Martian “Weather Satellite” Has Dust in its Eye

Any allergy sufferer will tell you that dust can be a killer. But those dust bunnies under the couch have nothing on the planet-wide storms that periodically engulf Mars in late spring and early summer.


—Image courtesy NASA, J. Ball (Cornell), M. Wolff (SSI), and the Hubble Heritage Team (STScI/AURA)

Such storms are kind of a big deal to the twin Mars rovers Spirit and Opportunity, which rely on well-lit solar panels to keep themselves running.

A couple summers ago, dust blocked more than 99 percent of direct sunlight reaching the rovers and nearly spelled doom for the plucky robots, which have been toiling away on Mars since 2001.


To try and stay ahead of the curve, the rovers each point a camera toward the sun every day to check for atmospheric clarity, allowing researchers on Earth to adjust the bots’ power needs.

Spirit goes into stealth mode?

—Image courtesy NASA/JPL-Caltech/ Cornell

The rovers get some extra help from the Mars Reconnaissance Orbiter, which—among its many talents—can act like a weather satellite and track dust storms from the sky.

“We can identify where dust is rising into the atmosphere and where it is moving from day to day,” Michael Malin of Malin Space Science Systems, which operates one of the orbiter’s cameras, said in a NASA statement.

Such knowledge is key, as science missions can get interrupted or delayed if there’s even a hint that an oncoming storm will drain power reserves.

The orbiter’s “weather reports” in recent weeks “have let us be more aggressive about using the rovers,” Mark Lemmon, a rover-team atmospheric scientist, said in the statement.

“There have been fewer false alarms. Earlier in the mission, we backed off a lot on operations whenever we saw a small increase in dust. Now, we have enough information to know whether there’s really a significant dust storm headed our way.”


—Image courtesy NASA/JPL-Caltech/MSSS

The latest composite image shows almost the whole globe, with billowing clouds of dust being lifted into the air by a storm near the south polar ice cap. (The blurry bits running vertical in the image aren’t dust, fyi, but an effect of the camera’s viewing geometry.)
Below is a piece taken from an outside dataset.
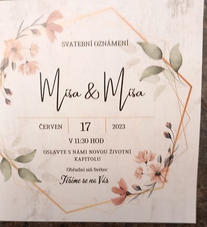 - lze dopsat jakýkoli text - jména novomanželů, datum svatby, věnování …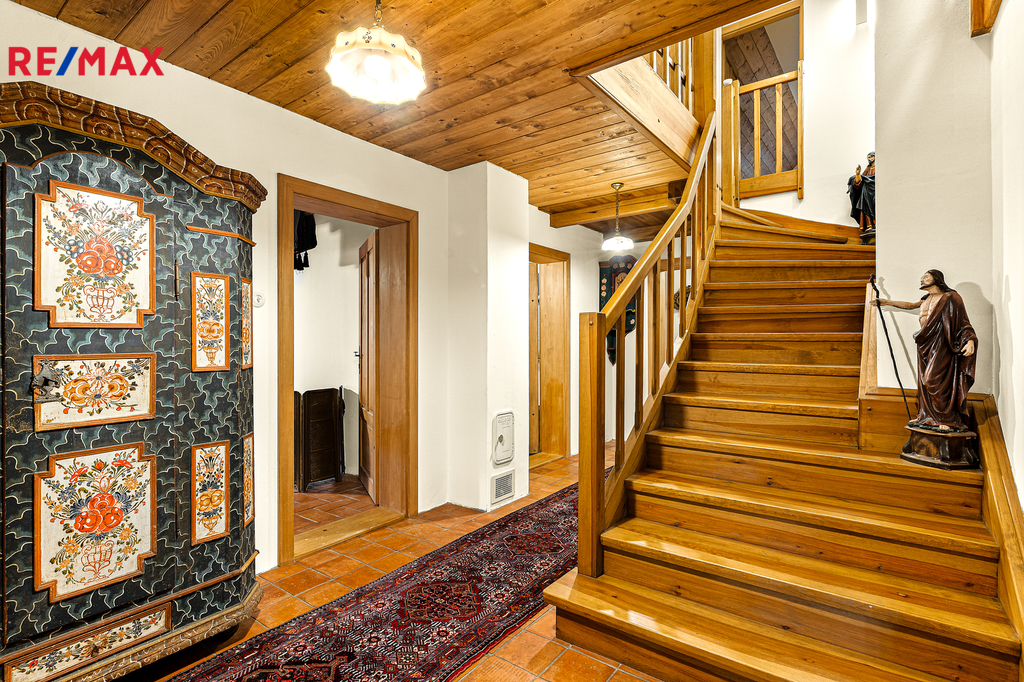 Dominantou hlavní chodby chalupy je masivní dubové schodiště, v patře nad hlavní částí chalupy se nacházejí tři samostatné ložnice s vlastní koupenou. Dispozice chalupy tímto zajišťuje dostatek soukromí pro vícečlennou rodinu nebo početnější návštěvu. V interiéru naleznete řadu originálních i rekonstruovaných prvků tradičního krkonošského nábytku, které dodávají chalupě jedinečný charakter. Chalupa byla rekonstruovaná v roce 2006, s důrazem na kvalitu použitých materiálů a dlouhodobou životnost. Měděné rozvody podlahového vytápění Rehau, speciální střešní krytina Capacco, designové vypínače a zásuvky Berker, dveřní kování ruční výroby. O vytápění se starají dvě tepelná čerpadla Stiebel Eltron, nechybí ani kotel na dřevo či možnost využít plyn (2t zásobník propan-butan). V chalupě jsou dvě rekuperace, dvě klimatizace Haier, bezpečností kamerový systém, stabilní a vysokorychlostní DSL internet. Součástí komfortního vybavení je chytrý systém vytápění s možností dálkového ovládání přes internet.

Luckily the same wild winds that churn up the occasional dust storm also help clean particles that accumulate on the rover’s solar panels. According to NASA, the rovers would have died years ago from dusty buildup if it wasn’t for these regular wipe-downs.

Bill Nelson, the rovers’ engineering chief, said that this spring “we’re all hoping we’ll get another good cleaning.”